> **TASK GOAL**:
Set down the entries once more, exactly as given.

> **RECORDS SHOWN**:
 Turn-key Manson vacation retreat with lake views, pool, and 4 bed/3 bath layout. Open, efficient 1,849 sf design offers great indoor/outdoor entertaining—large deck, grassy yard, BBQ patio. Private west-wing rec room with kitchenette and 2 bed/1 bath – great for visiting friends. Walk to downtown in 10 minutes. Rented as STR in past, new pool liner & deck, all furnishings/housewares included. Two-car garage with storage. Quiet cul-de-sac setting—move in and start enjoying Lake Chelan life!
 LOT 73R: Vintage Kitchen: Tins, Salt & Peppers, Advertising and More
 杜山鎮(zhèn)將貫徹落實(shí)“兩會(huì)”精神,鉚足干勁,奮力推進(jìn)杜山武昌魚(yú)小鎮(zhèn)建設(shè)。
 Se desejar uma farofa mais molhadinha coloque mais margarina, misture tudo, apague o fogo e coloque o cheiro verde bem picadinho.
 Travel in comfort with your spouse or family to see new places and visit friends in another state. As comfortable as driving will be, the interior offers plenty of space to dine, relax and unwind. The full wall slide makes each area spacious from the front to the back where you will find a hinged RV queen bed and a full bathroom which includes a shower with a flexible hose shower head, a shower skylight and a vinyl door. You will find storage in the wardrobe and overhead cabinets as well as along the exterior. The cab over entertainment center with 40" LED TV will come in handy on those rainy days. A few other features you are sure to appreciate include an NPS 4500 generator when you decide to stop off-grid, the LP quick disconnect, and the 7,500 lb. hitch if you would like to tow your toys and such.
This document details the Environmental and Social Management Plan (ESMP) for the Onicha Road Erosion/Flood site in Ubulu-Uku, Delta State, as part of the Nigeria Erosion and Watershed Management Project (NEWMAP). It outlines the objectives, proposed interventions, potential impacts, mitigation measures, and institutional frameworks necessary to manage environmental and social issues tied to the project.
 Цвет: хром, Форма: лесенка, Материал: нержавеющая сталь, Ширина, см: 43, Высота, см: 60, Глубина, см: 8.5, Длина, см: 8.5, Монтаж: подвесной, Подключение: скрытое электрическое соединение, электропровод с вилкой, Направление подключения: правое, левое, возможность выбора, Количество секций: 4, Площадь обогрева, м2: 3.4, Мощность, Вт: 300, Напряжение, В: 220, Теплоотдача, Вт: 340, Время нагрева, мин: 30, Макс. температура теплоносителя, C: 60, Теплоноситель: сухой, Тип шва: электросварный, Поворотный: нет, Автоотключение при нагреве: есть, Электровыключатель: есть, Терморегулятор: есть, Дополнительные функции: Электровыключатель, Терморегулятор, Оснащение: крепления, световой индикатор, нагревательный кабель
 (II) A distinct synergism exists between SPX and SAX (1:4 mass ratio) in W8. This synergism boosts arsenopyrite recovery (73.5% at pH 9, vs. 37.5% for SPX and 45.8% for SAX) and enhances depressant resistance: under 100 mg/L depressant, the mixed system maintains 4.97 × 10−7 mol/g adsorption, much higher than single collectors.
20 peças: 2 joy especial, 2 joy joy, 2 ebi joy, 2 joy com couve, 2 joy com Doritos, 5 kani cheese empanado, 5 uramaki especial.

> **RESULT FOR THIS TASK**:
 Turn-key Manson vacation retreat with lake views, pool, and 4 bed/3 bath layout. Open, efficient 1,849 sf design offers great indoor/outdoor entertaining—large deck, grassy yard, BBQ patio. Private west-wing rec room with kitchenette and 2 bed/1 bath – great for visiting friends. Walk to downtown in 10 minutes. Rented as STR in past, new pool liner & deck, all furnishings/housewares included. Two-car garage with storage. Quiet cul-de-sac setting—move in and start enjoying Lake Chelan life!
 LOT 73R: Vintage Kitchen: Tins, Salt & Peppers, Advertising and More
 杜山鎮(zhèn)將貫徹落實(shí)“兩會(huì)”精神,鉚足干勁,奮力推進(jìn)杜山武昌魚(yú)小鎮(zhèn)建設(shè)。
 Se desejar uma farofa mais molhadinha coloque mais margarina, misture tudo, apague o fogo e coloque o cheiro verde bem picadinho.
 Travel in comfort with your spouse or family to see new places and visit friends in another state. As comfortable as driving will be, the interior offers plenty of space to dine, relax and unwind. The full wall slide makes each area spacious from the front to the back where you will find a hinged RV queen bed and a full bathroom which includes a shower with a flexible hose shower head, a shower skylight and a vinyl door. You will find storage in the wardrobe and overhead cabinets as well as along the exterior. The cab over entertainment center with 40" LED TV will come in handy on those rainy days. A few other features you are sure to appreciate include an NPS 4500 generator when you decide to stop off-grid, the LP quick disconnect, and the 7,500 lb. hitch if you would like to tow your toys and such.
This document details the Environmental and Social Management Plan (ESMP) for the Onicha Road Erosion/Flood site in Ubulu-Uku, Delta State, as part of the Nigeria Erosion and Watershed Management Project (NEWMAP). It outlines the objectives, proposed interventions, potential impacts, mitigation measures, and institutional frameworks necessary to manage environmental and social issues tied to the project.
 Цвет: хром, Форма: лесенка, Материал: нержавеющая сталь, Ширина, см: 43, Высота, см: 60, Глубина, см: 8.5, Длина, см: 8.5, Монтаж: подвесной, Подключение: скрытое электрическое соединение, электропровод с вилкой, Направление подключения: правое, левое, возможность выбора, Количество секций: 4, Площадь обогрева, м2: 3.4, Мощность, Вт: 300, Напряжение, В: 220, Теплоотдача, Вт: 340, Время нагрева, мин: 30, Макс. температура теплоносителя, C: 60, Теплоноситель: сухой, Тип шва: электросварный, Поворотный: нет, Автоотключение при нагреве: есть, Электровыключатель: есть, Терморегулятор: есть, Дополнительные функции: Электровыключатель, Терморегулятор, Оснащение: крепления, световой индикатор, нагревательный кабель
 (II) A distinct synergism exists between SPX and SAX (1:4 mass ratio) in W8. This synergism boosts arsenopyrite recovery (73.5% at pH 9, vs. 37.5% for SPX and 45.8% for SAX) and enhances depressant resistance: under 100 mg/L depressant, the mixed system maintains 4.97 × 10−7 mol/g adsorption, much higher than single collectors.
20 peças: 2 joy especial, 2 joy joy, 2 ebi joy, 2 joy com couve, 2 joy com Doritos, 5 kani cheese empanado, 5 uramaki especial.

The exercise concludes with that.